# Attempt to Create a KY Meeting



## david.cravens (Apr 20, 2010)

Figured I'd gauge the reaction of people on here. In the past I've talked to people about trying and doing physical meetings as a club. Nothing really came out of fruition mainly because I don't think anybody really knew how to approach it. That being said I wish to bring the subject up again. I do not think this is something we can do via monthly meetings, but perhaps its something we might be able to do a few times a year.

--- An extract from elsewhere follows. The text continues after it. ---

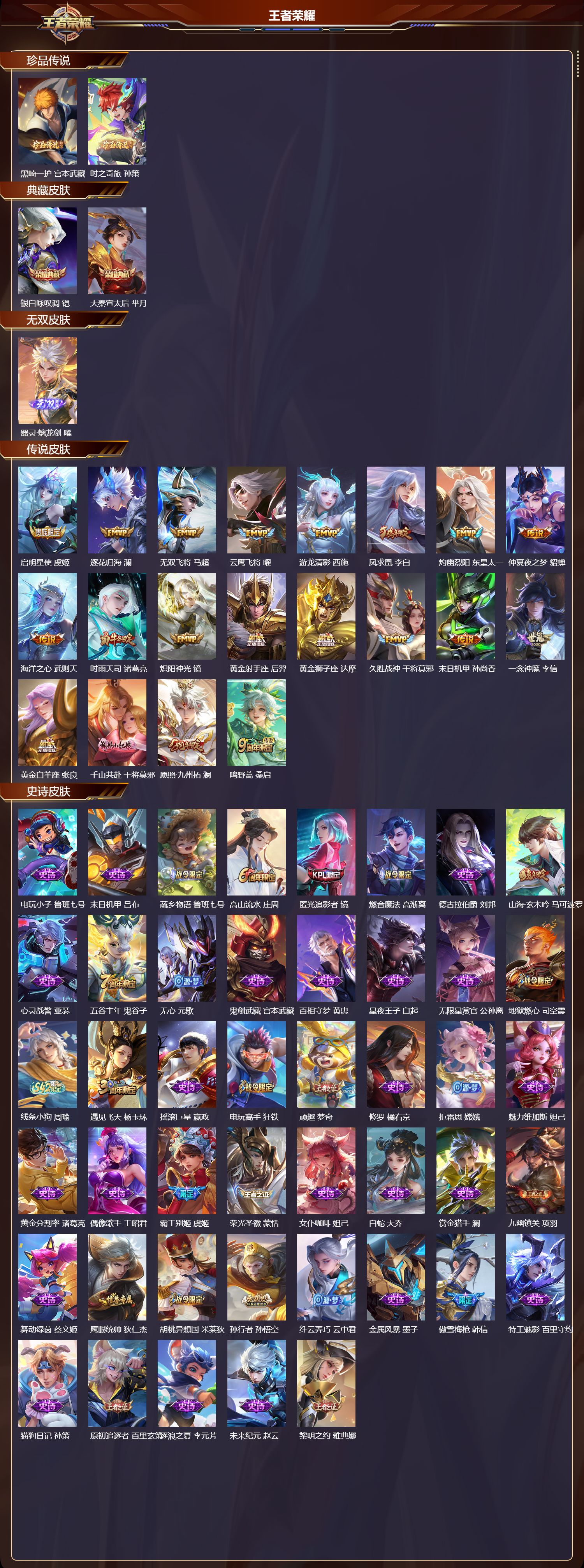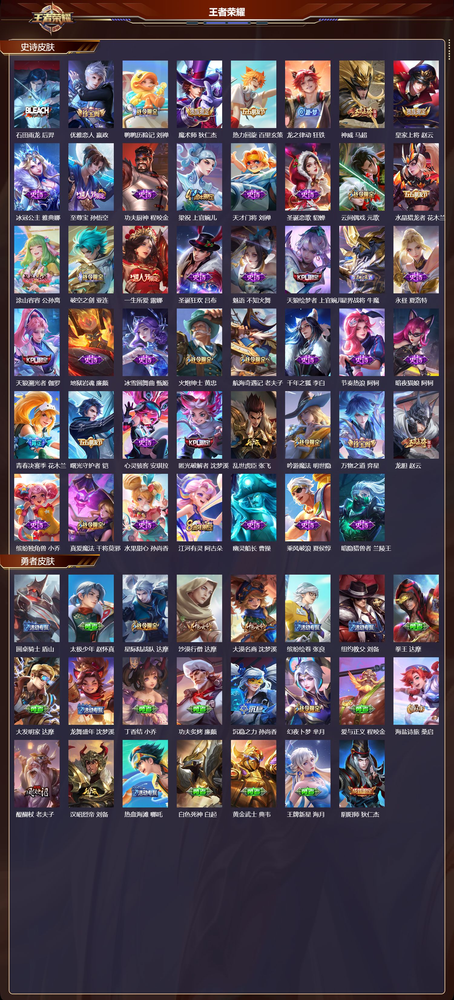 【92,史诗皮肤】电玩小子,鲁班七号,末日机甲,吕布,蔬乡物语,鲁班七号,高山流水,庄周,匿光追影者,镜,燃音魔法,高渐离,德古拉伯爵,刘邦,山海·玄木吟,马可波罗,心灵战警,亚瑟,五谷丰年,鬼谷子,无心,元歌,鬼剑武藏,宫本武藏,百相守梦,黄忠,星夜王子,白起,无限星赏官,公孙离,地狱燃心,司空震,线条小狗,周瑜,遇见飞天,杨玉环,摇滚巨星,嬴政,电玩高手,狂铁,顽趣,梦奇,修罗,橘右京,拒霜思,嫦娥,魅力维加斯,妲己,黄金分割率,诸葛亮,偶像歌手,王昭君,霸王别姬,虞姬,荣光圣徽,蒙恬,女仆咖啡,妲己,白蛇,大乔,赏金猎手,澜,九幽镇关,项羽,舞动绿茵,蔡文姬,鹰眼统帅,狄仁杰,胡桃异想国,米莱狄,孙行者,孙悟空,纤云弄巧,云中君,金属风暴,墨子,傲雪梅枪,韩信,特工魅影,百里守约,猫狗日记,孙策,原初追逐者,百里玄策,逐浪之夏,李元芳,未来纪元,赵云,黎明之约,雅典娜,石田雨龙,后羿,优雅恋人,嬴政,鸭鸭历险记,刘禅,魔术师,狄仁杰,热力回旋,百里玄策,龙之律动,狂铁,神威,马超,皇家上将,赵云,冰冠公主,雅典娜,至尊宝,孙悟空,功夫厨神,程咬金,梁祝,上官婉儿,天才门将,刘禅,圣诞恋歌,貂蝉,云间偶戏,元歌,水晶猎龙者,花木兰,涂山容容,公孙离,破空之剑,亚连,一生所爱,露娜,圣诞狂欢,吕布,魅语,不知火舞,天狼绘梦者,上官婉儿,星界战将,牛魔,永昼,夏洛特,天狼溯光者,伽罗,地狱岩魂,廉颇,冰雪圆舞曲,甄姬,火炮绅士,黄忠,航海奇遇记,老夫子,千年之狐,李白,节奏热浪,阿轲,暗夜猫娘,阿轲,青春决赛季,花木兰,曙光守护者,铠,心灵骇客,安琪拉,匿光破解者,沈梦溪,乱世虎臣,张飞,吟游魔法,明世隐,万物之道,弈星,龙胆,赵云,缤纷独角兽,小乔,真爱魔法,干将莫邪,水果甜心,孙尚香,江河有灵,阿古朵,幽灵船长,曹操,乘风破浪,夏侯惇,暗隐猎兽者,兰陵王,

I would be more inclined gearing the meeting to include all amphibian enthusiasts. Perhaps if we were able to get guest speakers to come we can use library meeting rooms to hold our meetings. Just FYI I have looked at the Library here in Frankfort as I feel it is a good location roughly between Louisville and Lexington (I'm totally open to having a floating meeting spot). I'm open to suggestions and please let me know if such a thing would interest you and if not why. I think the hardest part right now is everybody is spread throughout the state making finding an agreeable meeting point difficult.

Thanks for your time.

Also I have a group page https://www.facebook.com/groups/126088257401864/ . Right now there is only 25 members including me, hopefully some of you all will be interested as well.


----------



## J&rreptiles (Jun 2, 2013)

My brother and I would definitely be interested, where located in Louisville, but would be willing to make a bit of a drive if necessary. Just lye me know a time and place


----------



## david.cravens (Apr 20, 2010)

J&rreptiles said:


> My brother and I would definitely be interested, where located in Louisville, but would be willing to make a bit of a drive if necessary. Just lye me know a time and place


Awesome, I'll make sure to post on here or in the KY Frogger page on here as well with any updates. I'm expecting the first meeting to be later in the year.


----------